Exercise data |
※ ※ ※
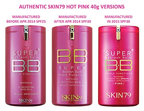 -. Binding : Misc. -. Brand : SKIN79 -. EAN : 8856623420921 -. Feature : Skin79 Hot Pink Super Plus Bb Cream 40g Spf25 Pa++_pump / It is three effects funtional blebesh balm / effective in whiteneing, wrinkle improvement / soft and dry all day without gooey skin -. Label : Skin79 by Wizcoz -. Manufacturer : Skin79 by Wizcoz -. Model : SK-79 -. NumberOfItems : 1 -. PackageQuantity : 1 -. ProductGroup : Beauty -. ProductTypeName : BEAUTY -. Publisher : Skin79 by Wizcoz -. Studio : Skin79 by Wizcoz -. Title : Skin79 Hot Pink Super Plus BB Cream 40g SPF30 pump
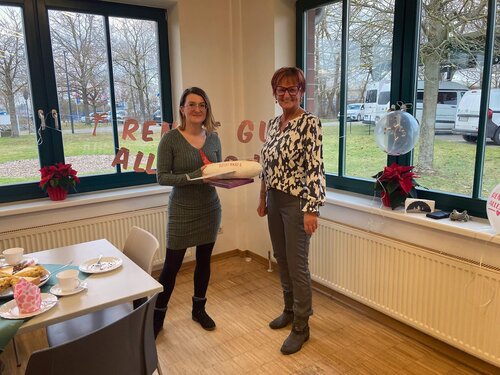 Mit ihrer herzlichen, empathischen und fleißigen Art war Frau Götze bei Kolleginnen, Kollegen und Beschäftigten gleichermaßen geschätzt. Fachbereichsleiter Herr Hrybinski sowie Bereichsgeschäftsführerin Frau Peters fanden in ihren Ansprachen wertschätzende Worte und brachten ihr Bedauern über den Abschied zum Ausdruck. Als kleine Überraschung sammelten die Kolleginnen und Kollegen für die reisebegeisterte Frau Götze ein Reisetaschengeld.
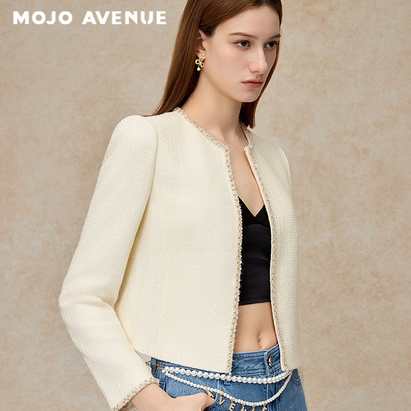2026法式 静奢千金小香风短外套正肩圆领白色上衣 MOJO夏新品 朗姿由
※ ※ ※
What needs to be done | Everything from the line with "Mit ihrer herzlichen, empathischen" through the last line above should be reproduced exactly, both ends included; pictures must be omitted.

Task output |
 Mit ihrer herzlichen, empathischen und fleißigen Art war Frau Götze bei Kolleginnen, Kollegen und Beschäftigten gleichermaßen geschätzt. Fachbereichsleiter Herr Hrybinski sowie Bereichsgeschäftsführerin Frau Peters fanden in ihren Ansprachen wertschätzende Worte und brachten ihr Bedauern über den Abschied zum Ausdruck. Als kleine Überraschung sammelten die Kolleginnen und Kollegen für die reisebegeisterte Frau Götze ein Reisetaschengeld.
2026法式 静奢千金小香风短外套正肩圆领白色上衣 MOJO夏新品 朗姿由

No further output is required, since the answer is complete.